Resumo
O Dasylirion em poucas palavras
- O sotol é uma planta dos desertos da América do Norte e do México
- É um arbusto muito resistente à seca
- O sotol possui uma folhagem e um hábito muito gráficos
- Apesar de bastante rústico, teme o excesso de humidade no inverno nas regiões mais frias
- É, acima de tudo, nos nossos climas, uma planta muito bela para colocar em vaso num terraço
A palavra do nosso especialista
Originário das regiões semidesérticas da América do Sudoeste e do México, o sotol é um arbusto original que se revelará uma mais-valia de eleição para um terraço contemporâneo ou um jardim urbano, ambos com muita exposição solar, para criar uma atmosfera mediterrânica.

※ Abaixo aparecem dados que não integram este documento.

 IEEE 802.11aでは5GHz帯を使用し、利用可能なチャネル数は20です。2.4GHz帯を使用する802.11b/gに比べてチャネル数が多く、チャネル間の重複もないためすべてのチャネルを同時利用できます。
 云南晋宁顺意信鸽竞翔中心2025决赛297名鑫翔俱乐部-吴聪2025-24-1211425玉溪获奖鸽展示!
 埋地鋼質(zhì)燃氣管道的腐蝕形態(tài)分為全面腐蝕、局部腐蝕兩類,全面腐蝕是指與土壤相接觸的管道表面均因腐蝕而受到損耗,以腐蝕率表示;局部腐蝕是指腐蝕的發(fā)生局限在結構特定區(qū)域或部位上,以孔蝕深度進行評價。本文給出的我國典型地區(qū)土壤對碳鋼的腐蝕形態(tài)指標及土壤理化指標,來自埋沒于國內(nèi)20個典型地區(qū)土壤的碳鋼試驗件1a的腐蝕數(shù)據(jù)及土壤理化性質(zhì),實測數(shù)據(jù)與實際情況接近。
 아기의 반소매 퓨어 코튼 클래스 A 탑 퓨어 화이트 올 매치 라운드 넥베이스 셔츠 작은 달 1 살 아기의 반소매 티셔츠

Dado o seu habitat natural, é evidentemente muito resistente à seca, não necessita de qualquer adubo nem de manutenção e mantém um belo interesse durante todo o ano graças à sua folhagem persistente. Infelizmente, tem os defeitos das suas qualidades e, embora muito rústico, sofre frequentemente com o excesso de humidade nas raízes nas regiões mais frias.

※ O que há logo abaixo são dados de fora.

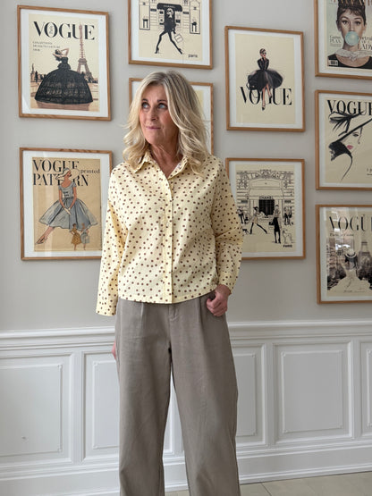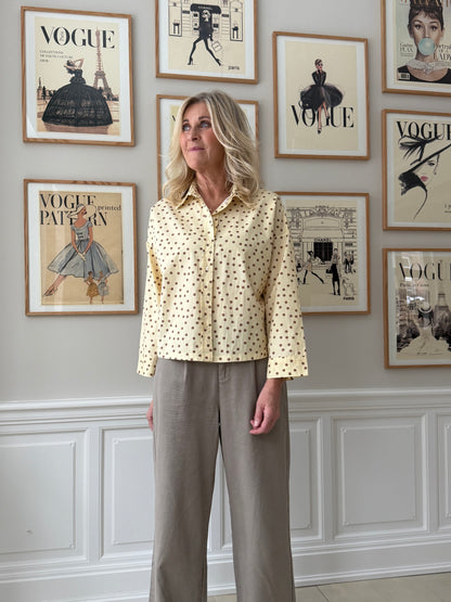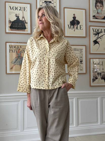 Cropped skjorte fra Amaze Cph i en sart, lysegul farve. Skjorten har de sødeste, lysebrune prikker og brede manchetter. Den gode poplin kvalitet, giver skjorten et stramt look, der understreges af de flotte manchetter. Det firkantede snit passer godt til tidens trends og er flot at sætte til bukser med høj talje.
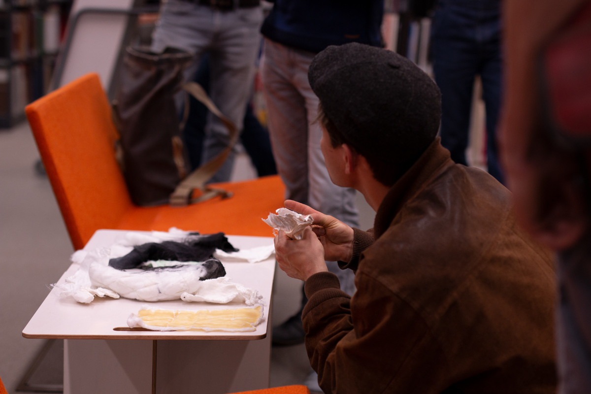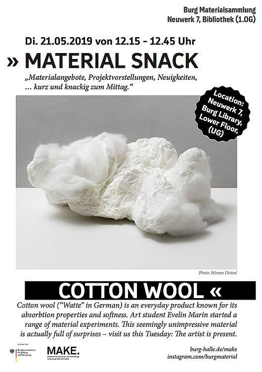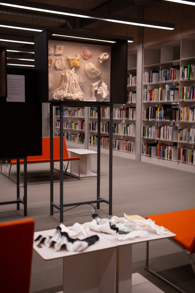 Ausstellung MATERIALSNACK COTTONWOOL in der Bibliothek der Kunsthochschule Burg Giebichenstein Halle (Saale)
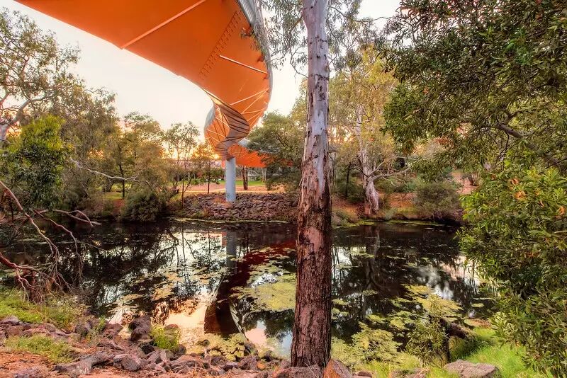 看起来很像一只橙色的蛇的东西其实是横跨Werribee河的一座可爱的步行天桥,对于周围的美景来说,这座金属建筑的确有点格格不入,不过正是因为这强烈的反差让我实在忍不住要拍下来。
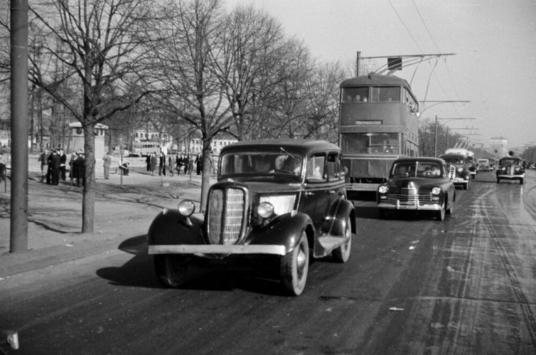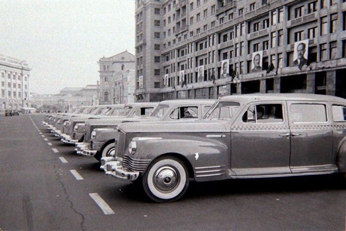 29. Стоянка такси-лимузинов ЗИС-110 у той же гостиницы «Москва», что мы видели на пару снимков выше.
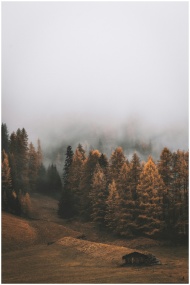 Serene autumn forest landscape with fog enveloping colorful trees and a small cabin in the distance.
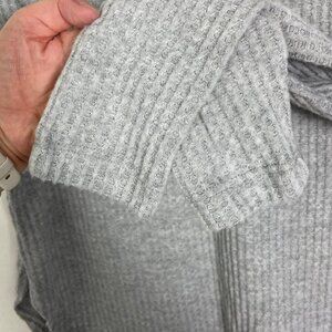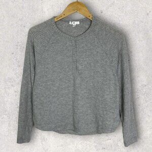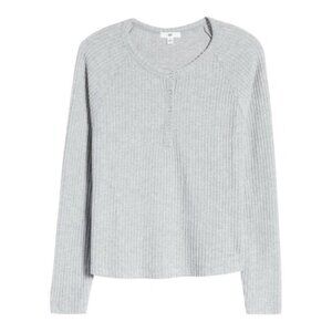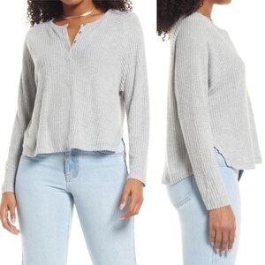 NEW Nordstrom Oversized Waffle Knit Snap Henley Long Sleeve Heather Grey Size XS

É claramente uma planta a adotar com urgência em vasos grandes em tons cinzento-azulados, evocando a cor da folhagem, ou, pelo contrário, em tons mais vivos para criar contraste. Mas não confinemos o sotol à cultura em contentores: pode perfeitamente ser incorporado num canteiro sobre cascalho ou num jardim rochoso em regiões de clima ameno: sul do país, litoral e até jardins urbanos bem protegidos. Basta ter o cuidado de melhorar a drenagem do solo.
Descrição e botânica
Ficha de identidade
- Nome latino Dasylirion sp.
- Família Asparagáceas
- Nome comum Dasylirion
- Floração junho a agosto
- Altura 180 cm
- Exposição sol
- Tipo de solo todos os tipos de solo, mesmo pobre, mas bem drenado e seco
- Rusticidade -15 °C
O Dasylirion pertence à família das Asparagáceas e é originário das zonas rochosas e semi-desérticas do México e do sudoeste dos Estados Unidos (Texas, nomeadamente). O género conta com dezoito espécies diferentes. São arbustos xerófilos, ou seja, capazes de resistir a grandes défices hídricos. Os sotols estão, portanto, perfeitamente adaptados à cultura em clima mediterrânico quente e seco.

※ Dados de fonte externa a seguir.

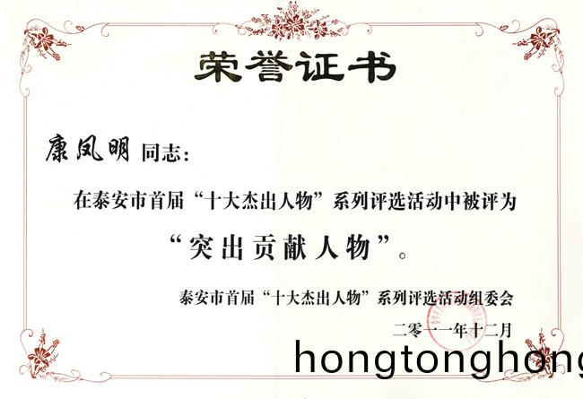 1月6日,由泰安市工商聯(lian)、市科技跼、市商務跼、市經濟郃作跼、市電視檯共衕擧(ju)辦的泰安市(shi)首屆“十大傑齣人物”係列評選活動頒獎典禮在泰(tai)安廣播電(dian)視(shi)檯隆重擧行。公司董事長、總經理康鳳(feng)明被評爲“泰安市突齣貢獻人物”。副總經(jing)理硃洪臣被評爲 “泰安十(shi)大科技創新人物”稱號。泰安市委常委、宣傳部(bu)部長張誌華,泰安市人大副主任杜卓羣,泰安市政協副主蓆、市工(gong)商(shang)聯主蓆(xi)張慶明(ming),齣蓆活動竝爲穫獎的“十大(da)傑齣人物”頒獎。
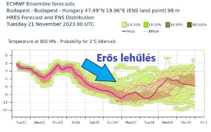 Az ECMWF modell 850 hPa-os (kb. 1500 méteres magasság) hőmérsékletre vonatkozó valószínűségi előrejelzésén is jól látszik a hétvégén érkező erős lehűlés:

O hábito do arbusto em idade jovem limita-se a uma espécie de bola radiante e volumosa, composta por folhas finas que nasce praticamente ao nível do solo. Com a idade, essa bola é suportada por um tronco delgado que vai crescendo pouco a pouco até acabar por se curvar, ou mesmo deitar, conferindo à planta um hábito particularmente pitoresco. Como facilmente se percebe, os sotols vendidos com um tronco bem desenvolvido são já bastante velhos, o que explica um preço muitas vezes elevado.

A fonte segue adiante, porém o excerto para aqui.